骨形成不全症小児の大規模コホートにおけるリポカリン2と糖脂質代謝および体組成の相関。
アブストラクト
目的:リポカリン2(LCN2)は、エネルギー代謝の調節に重要な骨由来因子であることが新たに認識された。我々は、骨形成不全症(OI)患者の大規模コホートにおいて、血清LCN2値と糖脂質代謝および体組成との相関を検討した。
方法:起立耐性失調患者204名と年齢・性別をマッチ させた健常児66名を対象とした。LCN2とオステオカルシンの血中濃度は酵素結合免疫吸着法により測定した。血清中の空腹時血糖値(FBG)、トリグリセリド (TG)、総コレステロール値(TC)、低・高密度 リポ蛋白コレステロール値(LDL-C、HDL-C)は自動化 学分析装置で測定した。体組成は二重エネルギーX線吸収法により測定した。筋機能を評価するため、握力とTUG(timed-up-and-go)を測定した。

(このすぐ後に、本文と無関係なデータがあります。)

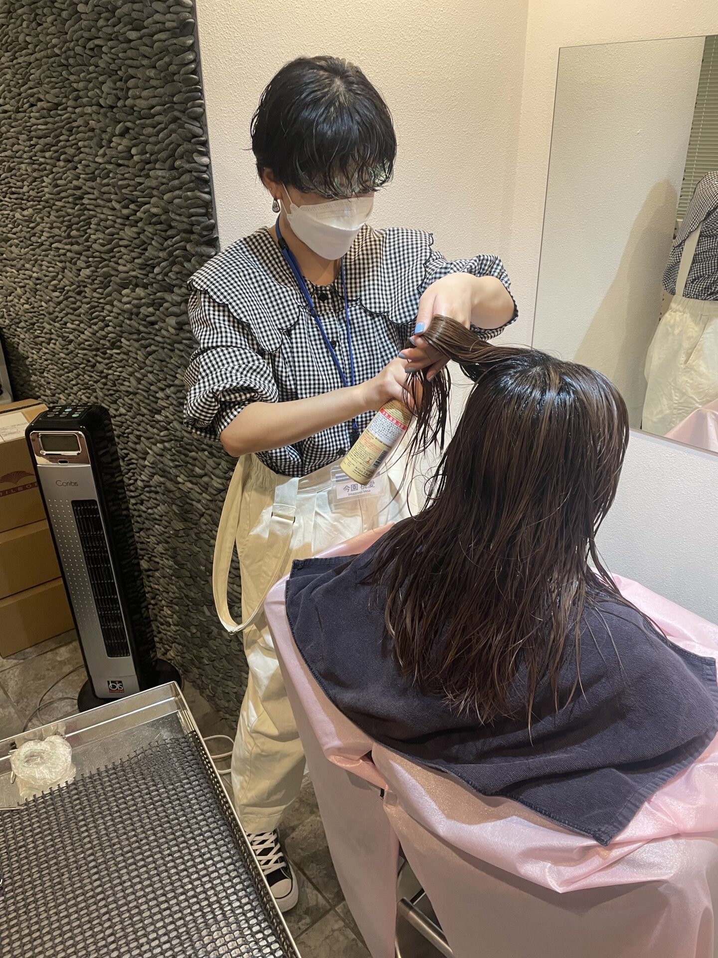 これはカラークロスの付け方とカラー時にする前処理の付け方の練習です!

結果:起立耐性失調児の血清LCN2値は37.65± 23.48ng/mlであり、健常対照児の値(69.18± 35.43ng/ml、P<0.001)より有意に低かった。BMIと血清FBG値は健常対照群より有意に高く、 HDL-C値は低かった(すべてP<0.01)。握力は有意に低く(P<0.05)、TUG は健常対照群より有意に長かった(P<0.05)。血清LCN2値は、BMI、FBG、HOMA-IR、HOMA-β、 全身および体幹脂肪率と負の相関があり、全身および体 幹除脂肪率と正の相関があった(すべてP<0.05)。
結論:起立耐性失調患者では、インスリン抵抗性、 高血糖、肥満、筋機能障害がよくみられる。新規骨形成サイトカインであるLCN2の欠乏は、起立 耐性失調患者における糖代謝障害、脂質代謝障害、 筋肉機能障害に関連する可能性がある。